◆ **Given data**
****
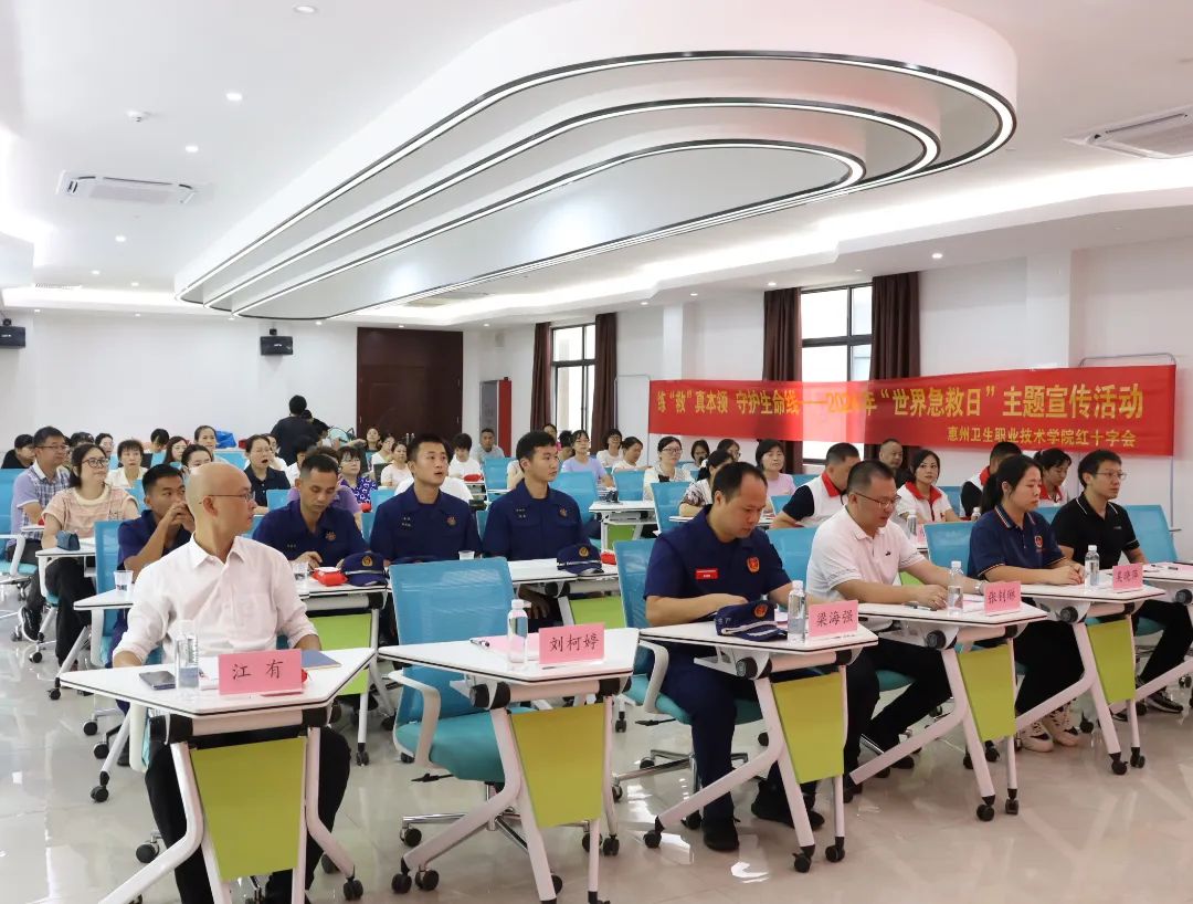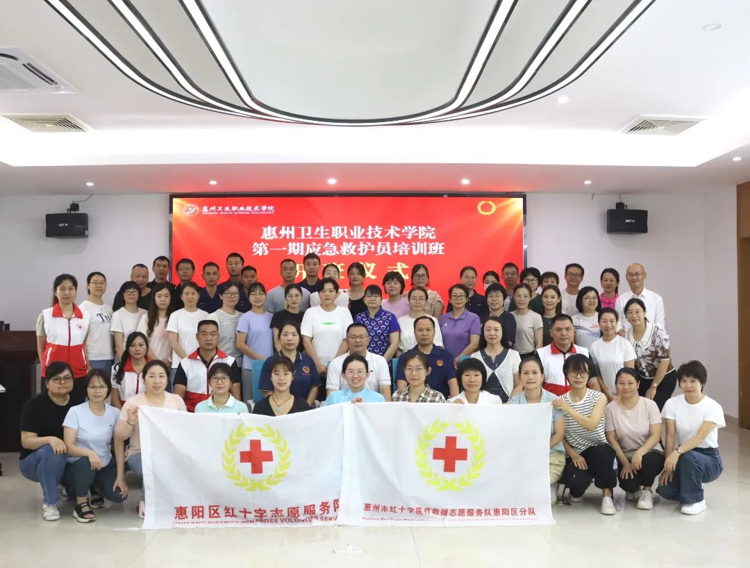 莅临现场的人员有:惠州市红十字医疗救援志愿服务惠阳分队队长吴晓萍老师、惠阳分队副队长何宇胜老师、惠阳分队副队长钟静容老师、惠阳分队秘书长李学彬老师、博罗分队中队长黄向红老师,惠州市应急救援支队队长梁海强,惠州卫生职业技术学院副校长张钊琳、学生工作部部长余赟、护理学院党总支书记江有、护理学院院长高丽玲及培训班学员们。
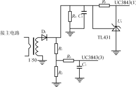 電流反饋電路采用電流互感器檢測(cè)開關(guān)管上的電流,原理如圖2所示。電流互感器的輸出分為電流瞬時(shí)值反饋和電流平均值反饋兩路,R2上電壓反映電流瞬時(shí)值,開關(guān)管上的電流增大會(huì)使UR2增大,當(dāng)UR2大于1V時(shí),UC3843芯片輸出脈沖關(guān)斷。調(diào)節(jié)R1、R2分壓比可改變開關(guān)管的限流值,實(shí)現(xiàn)電流瞬時(shí)值的逐周期比較,這屬于限流式保護(hù)。輸出脈沖關(guān)斷,實(shí)現(xiàn)對(duì)電流平均值的保護(hù),這屬于截流式保護(hù)。兩種過(guò)流保護(hù)互為補(bǔ)充,使電源更為安全可靠。采用電流互感器采樣使控制電路與主電路隔離,同時(shí)與電阻采樣相比降低了功耗,有利于提高整個(gè)電源的效率。
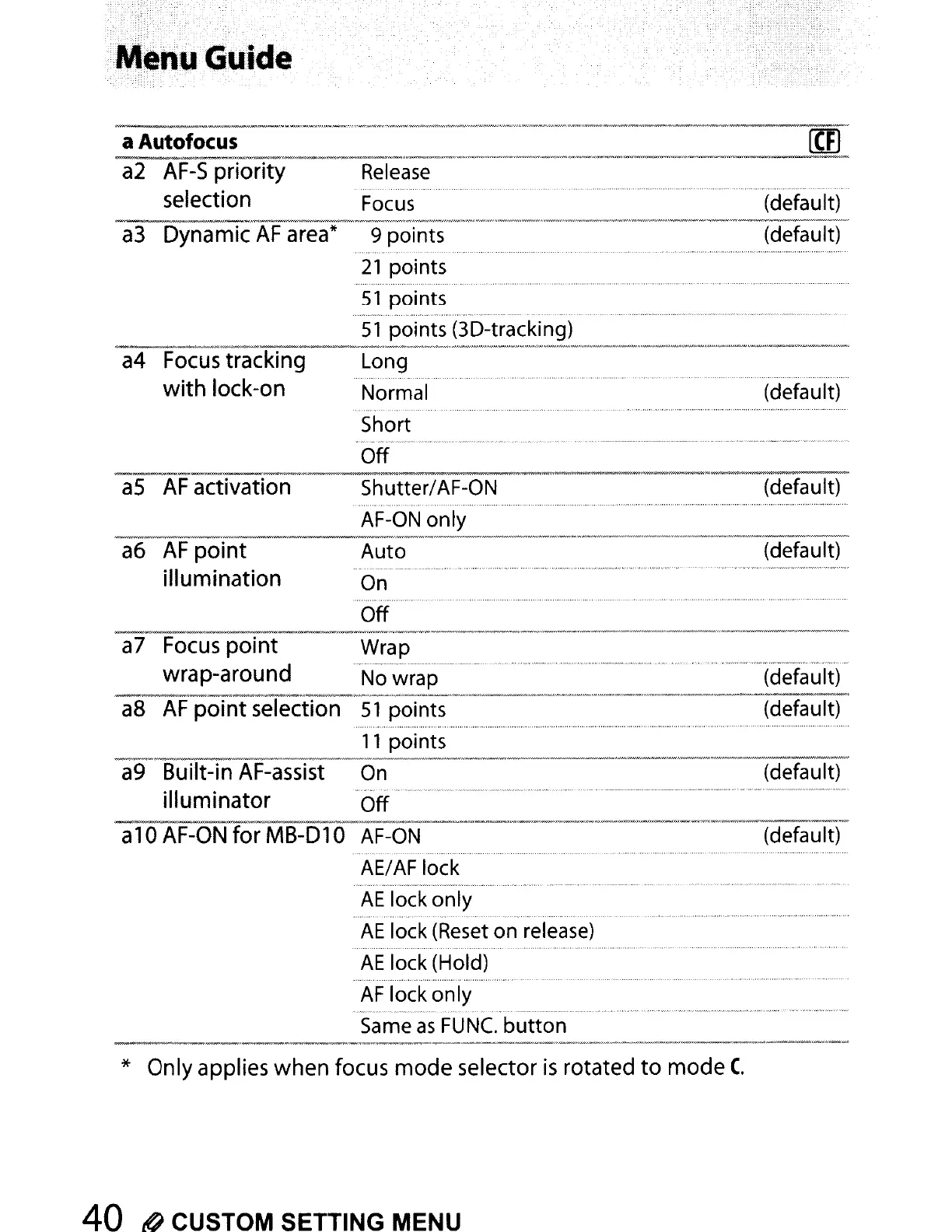40 0 CUSTOM SETTING MENU
****
◆ **Work item**
Omitting all images, print the listing exactly.

◆ **Reply to the task**
 莅临现场的人员有:惠州市红十字医疗救援志愿服务惠阳分队队长吴晓萍老师、惠阳分队副队长何宇胜老师、惠阳分队副队长钟静容老师、惠阳分队秘书长李学彬老师、博罗分队中队长黄向红老师,惠州市应急救援支队队长梁海强,惠州卫生职业技术学院副校长张钊琳、学生工作部部长余赟、护理学院党总支书记江有、护理学院院长高丽玲及培训班学员们。
 電流反饋電路采用電流互感器檢測(cè)開關(guān)管上的電流,原理如圖2所示。電流互感器的輸出分為電流瞬時(shí)值反饋和電流平均值反饋兩路,R2上電壓反映電流瞬時(shí)值,開關(guān)管上的電流增大會(huì)使UR2增大,當(dāng)UR2大于1V時(shí),UC3843芯片輸出脈沖關(guān)斷。調(diào)節(jié)R1、R2分壓比可改變開關(guān)管的限流值,實(shí)現(xiàn)電流瞬時(shí)值的逐周期比較,這屬于限流式保護(hù)。輸出脈沖關(guān)斷,實(shí)現(xiàn)對(duì)電流平均值的保護(hù),這屬于截流式保護(hù)。兩種過(guò)流保護(hù)互為補(bǔ)充,使電源更為安全可靠。采用電流互感器采樣使控制電路與主電路隔離,同時(shí)與電阻采樣相比降低了功耗,有利于提高整個(gè)電源的效率。
40 0 CUSTOM SETTING MENU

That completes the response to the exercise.